● **Instructions for the task**
In the copy, keep every word of the data below and none of its pictures.

● **Data extract**
⟨

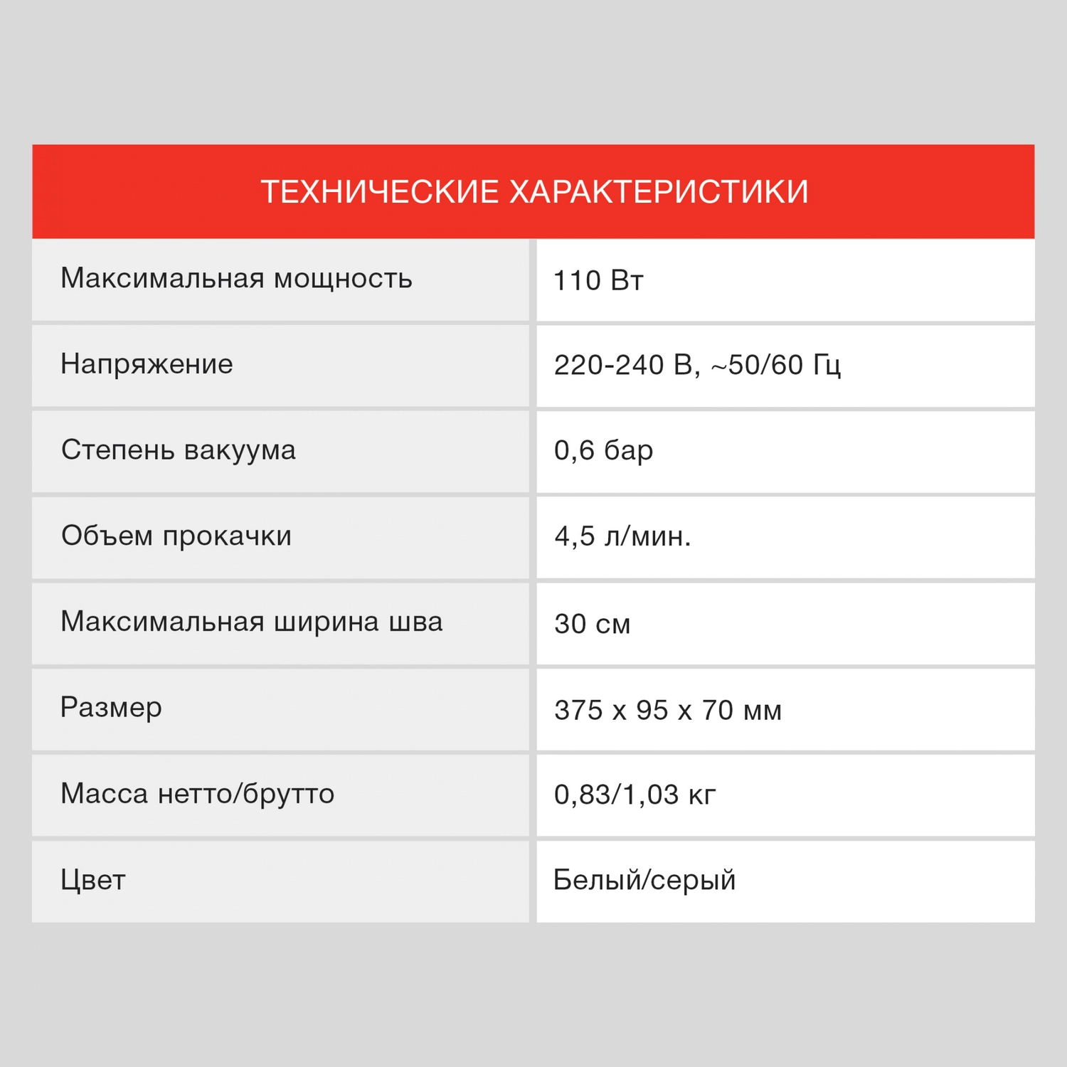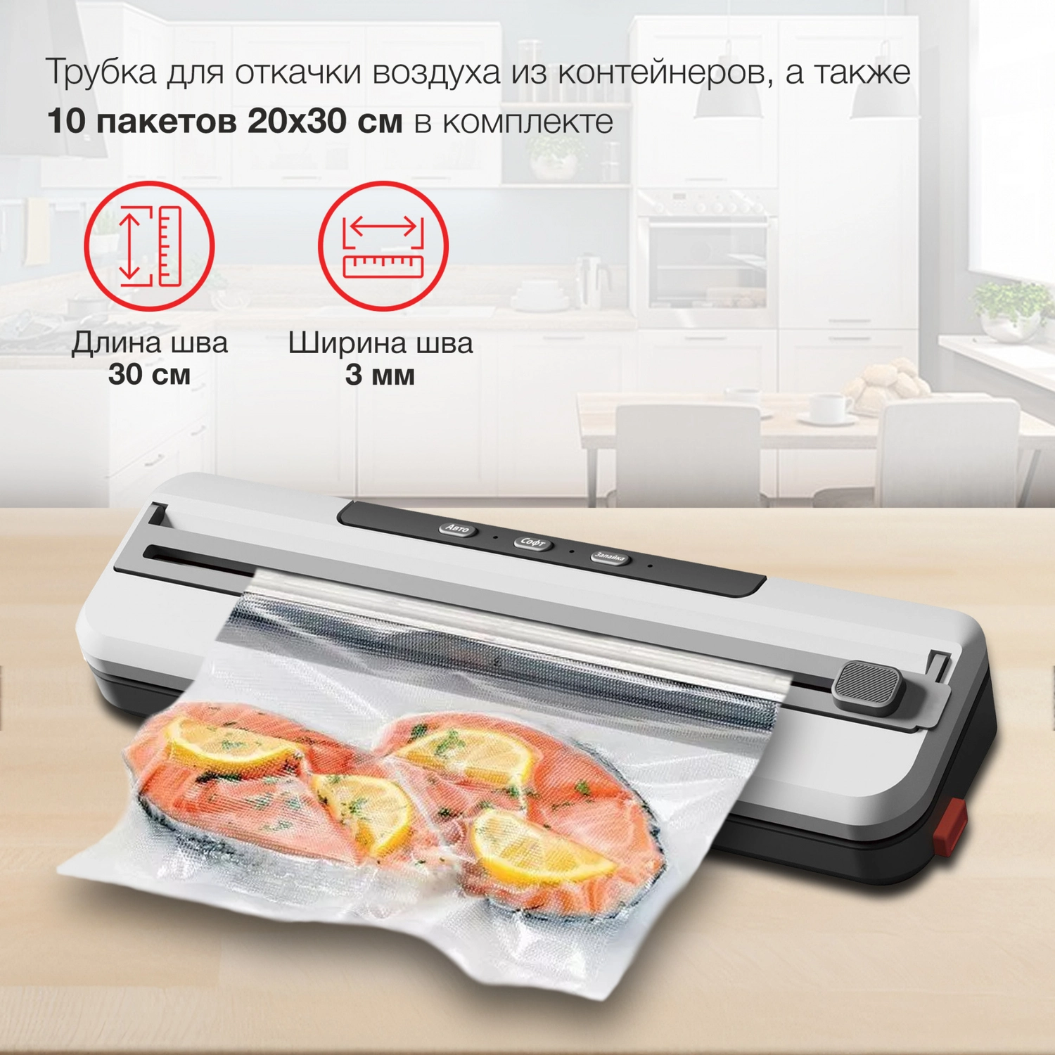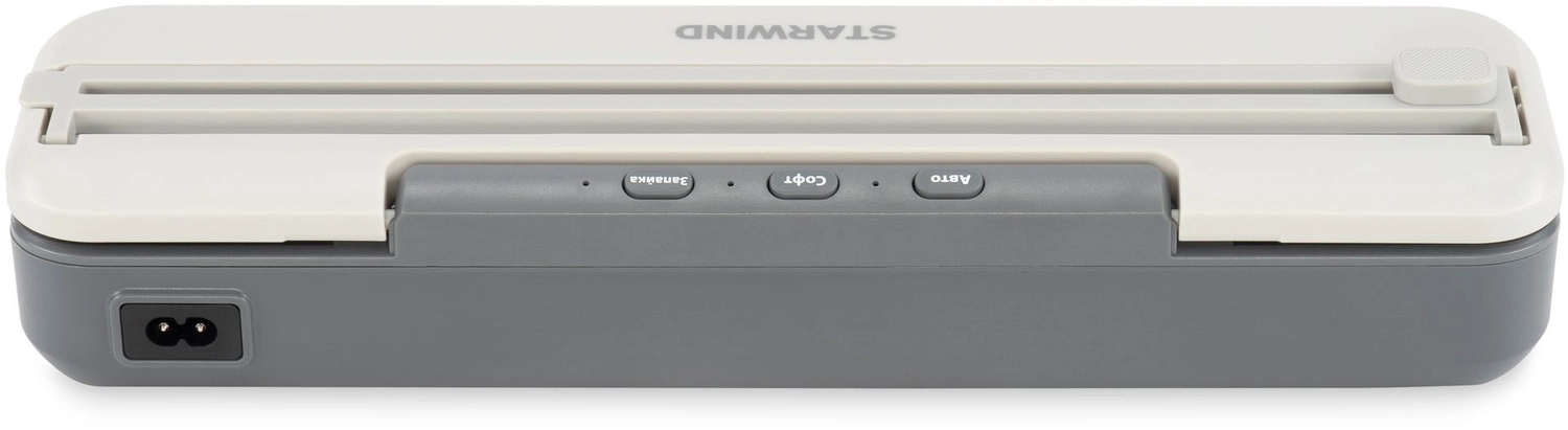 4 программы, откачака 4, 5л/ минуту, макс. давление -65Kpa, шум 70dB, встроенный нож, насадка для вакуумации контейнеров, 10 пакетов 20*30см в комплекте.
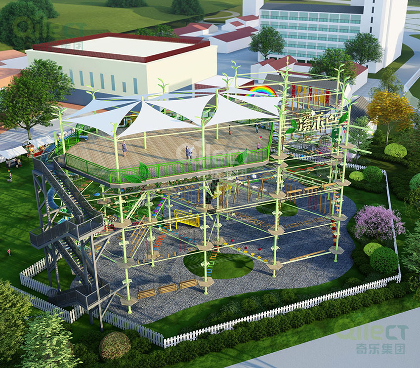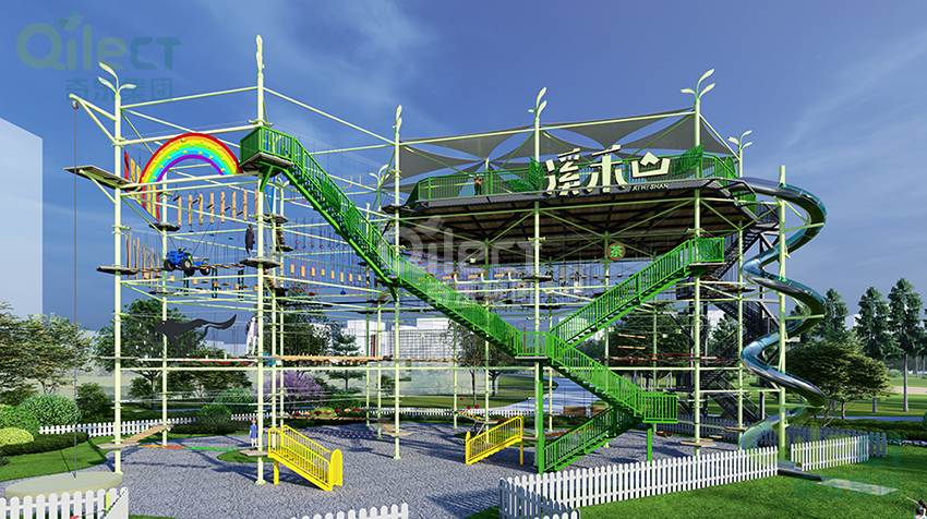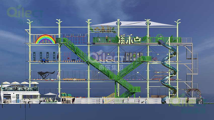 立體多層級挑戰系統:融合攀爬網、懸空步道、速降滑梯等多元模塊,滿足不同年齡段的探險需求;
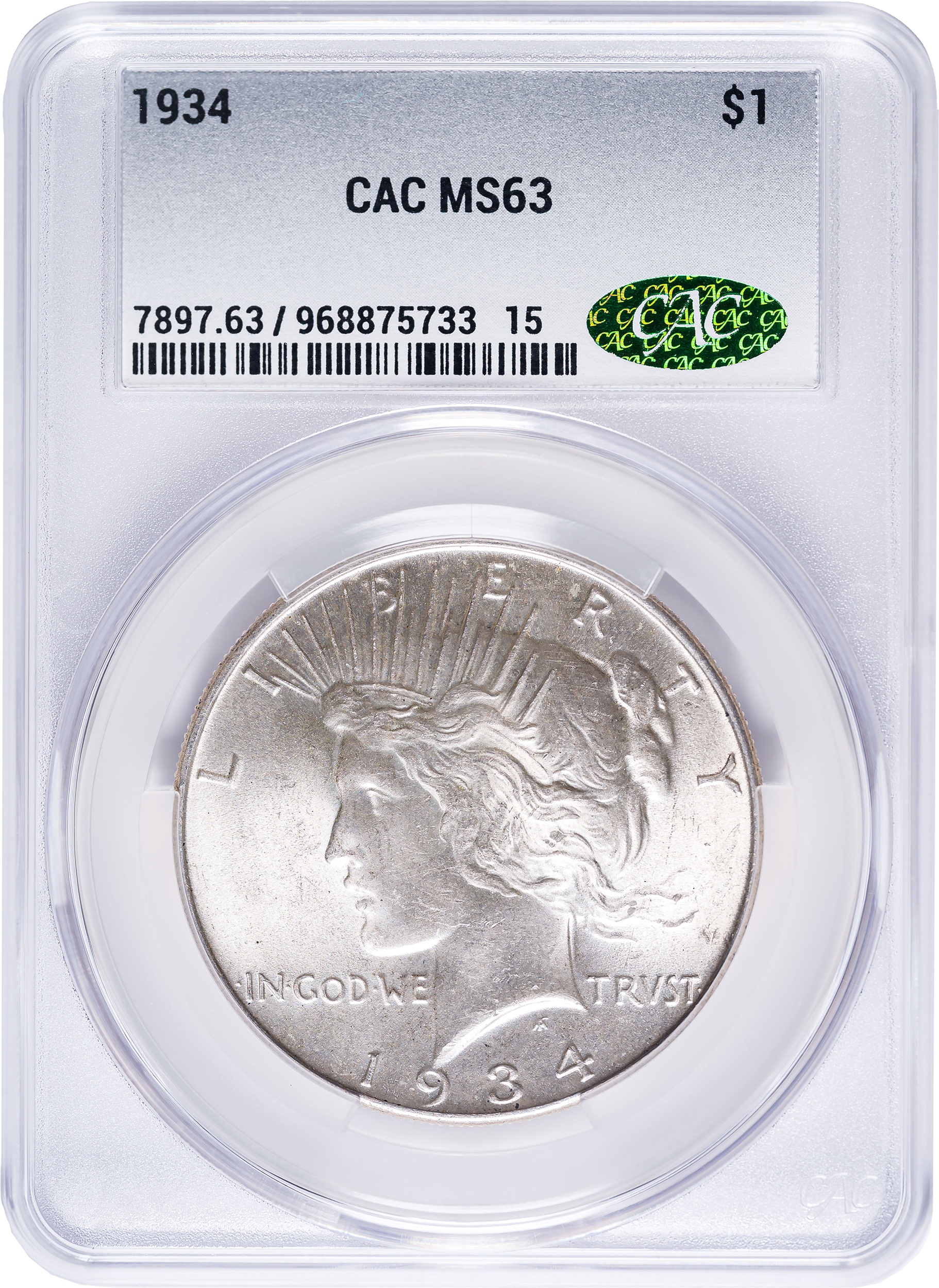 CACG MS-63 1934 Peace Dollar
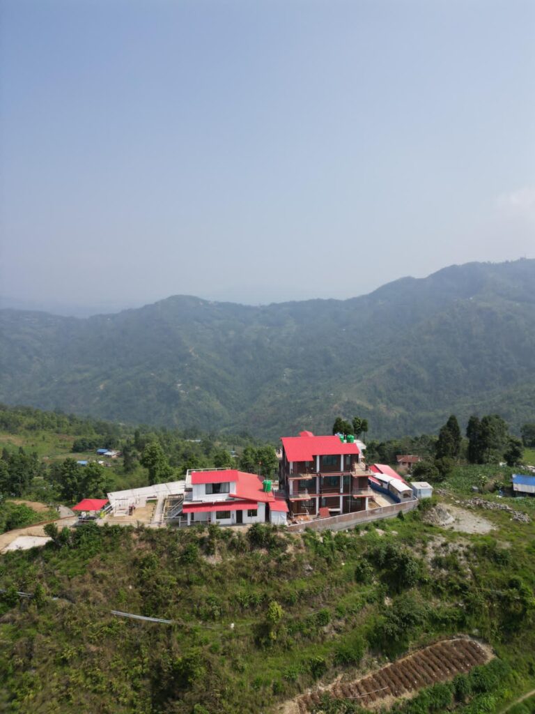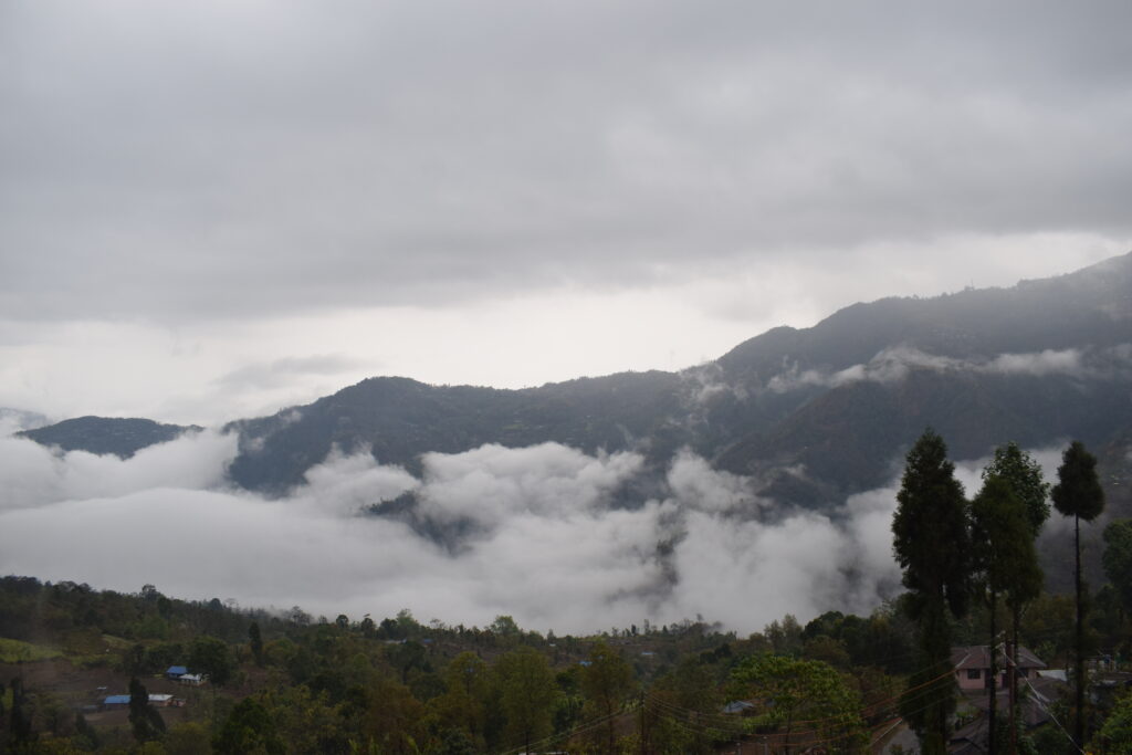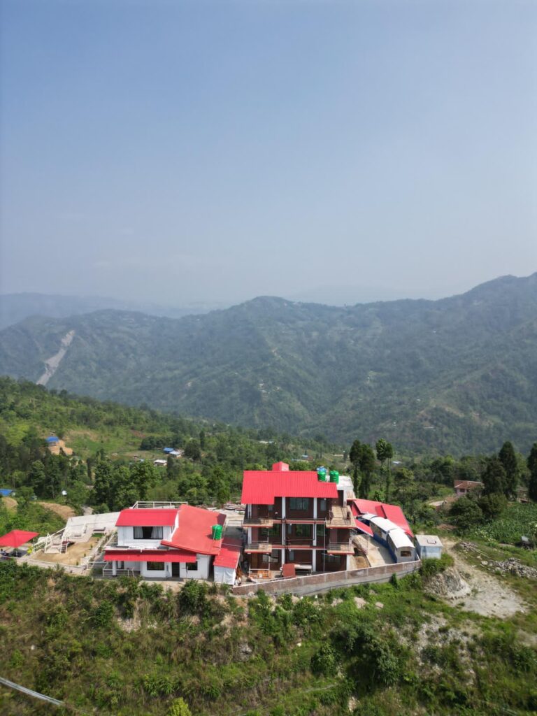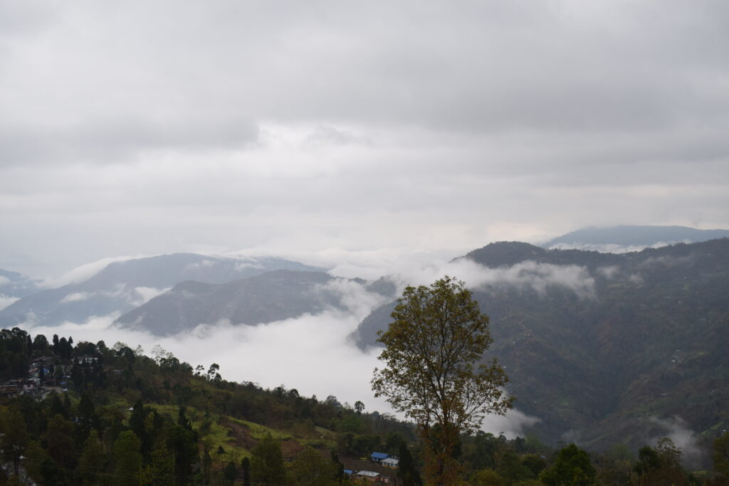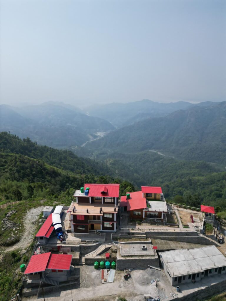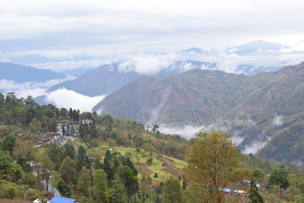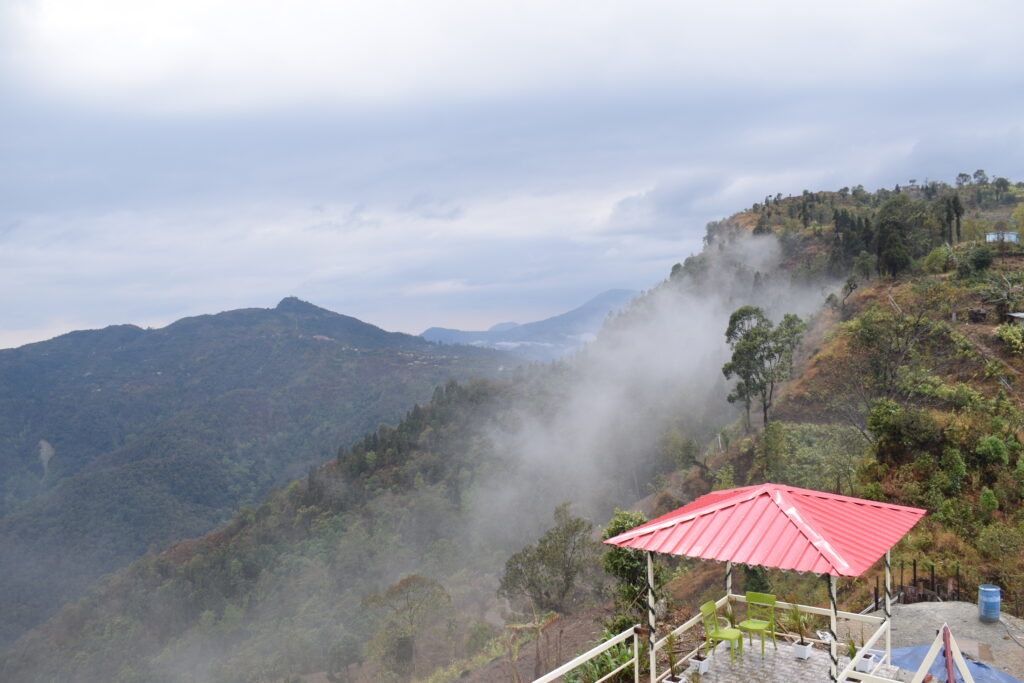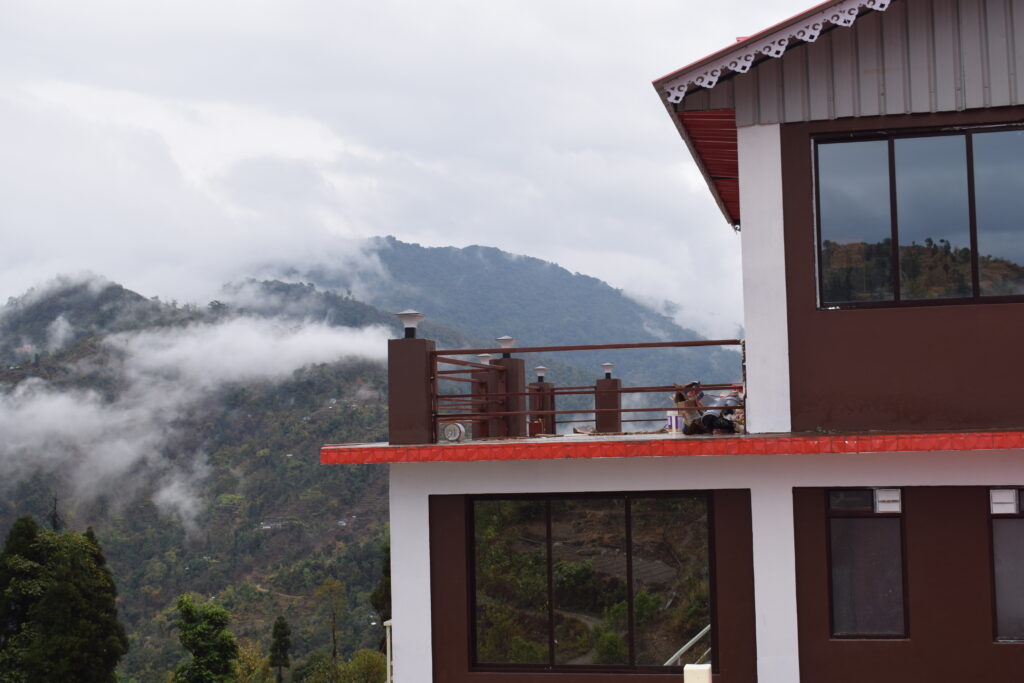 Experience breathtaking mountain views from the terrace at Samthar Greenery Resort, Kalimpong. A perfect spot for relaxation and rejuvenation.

⟩

● **Response for this exercise**
 4 программы, откачака 4, 5л/ минуту, макс. давление -65Kpa, шум 70dB, встроенный нож, насадка для вакуумации контейнеров, 10 пакетов 20*30см в комплекте.
 立體多層級挑戰系統:融合攀爬網、懸空步道、速降滑梯等多元模塊,滿足不同年齡段的探險需求;
 CACG MS-63 1934 Peace Dollar
 Experience breathtaking mountain views from the terrace at Samthar Greenery Resort, Kalimpong. A perfect spot for relaxation and rejuvenation.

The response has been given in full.